Now if you see this little warning, this little caution icon, that's telling you that the histogram isn't fully cached, which means that it's not quite accurate. And what you do to increase the accuracy of the histogram, is you just click on the caution icon or on that little update icon directly above it. Either one will address the problem. And in most cases, it's not going to change very much. Now as soon as I edit this Adjustment layer, that's going to bring up the Properties panel and hide the Histogram panel, so I want to move the histogram to a new location by dragging inside this empty area here, that'll move all the panels in a group, and I'm going to drag it over until I see a horizontal blue line directly above the Layers panel and I'll drop it.
And that way the histogram will stay on screen. Now I'm going to drop down to the Layers panel and double-click on the thumbnail for my Adjustment layer to bring up the Properties panel. Now what's going to happen here is if I increase the brightness of the image, the histogram is going to shift over to the right, because the entire image is growing brighter. If I reduce the Brightness value, then histogram is going to shift all the way over to the left, because we're darkening the image. I'm going to go ahead and return that brightness value to 110. Meanwhile, if you reduce the Contrast value, you'll bunch up the histogram toward the center and you'll lose shadows and highlights.
Whereas, if you increase the Contrast value, then you're going to spread the histogram outward and you're going to fill in those shadows and highlights.
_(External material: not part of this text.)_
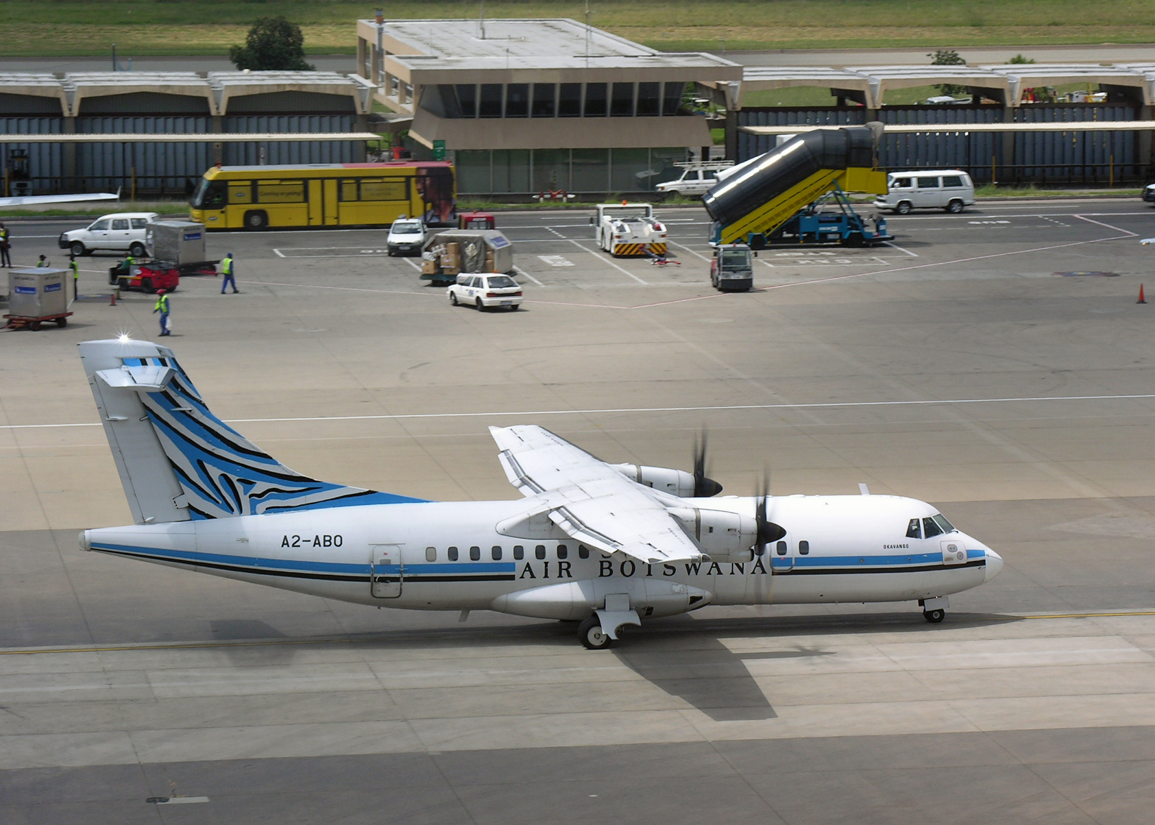 South Africa, Air Botswana ATR 42-500 A2-ABO "Okavango" taxiing at Johannesburg's O.R. Tambo International Airport

And in fact, I can go ahead and take this Contrast value all the way up to 100 and I'm not getting any clipping. Once again the big thing you're looking for is to make sure that you're not clipping any shadow or highlight details inside the image. If you were clipping shadows, you'd see a big spike over here on the left-hand side. If you were clipping highlights, you'd see a spike over on the right-hand side. But we're okay.
And if you want to confirm that you've got the accurate histogram, go ahead and click on that caution icon again, and you can see that everything is looking good. Just so that you can see how far we've come with this image, I'm going to click on the background layer to make it active. Now you might think that Photoshop would naturally pick up the histogram from the active layer, but instead it's sourcing the entire composite image, meaning, both the original photograph and the Adjustment layer. To look at the selected layer by itself, go ahead and switch to Selected Layer and now you can see what an unmitigated disaster this original image was.
We had a bunch of shadow detail going on here and nothing in the way of upper midtowns and highlights. But now that I have applied that Adjustment layer, the effects of which I can see by switching back to entire image and updating the histogram, you can see that we have a much more balanced range of luminance levels inside the final version of our correction. And that's how you use a histogram to gauge the quality of your adjustments and see just how far you can go.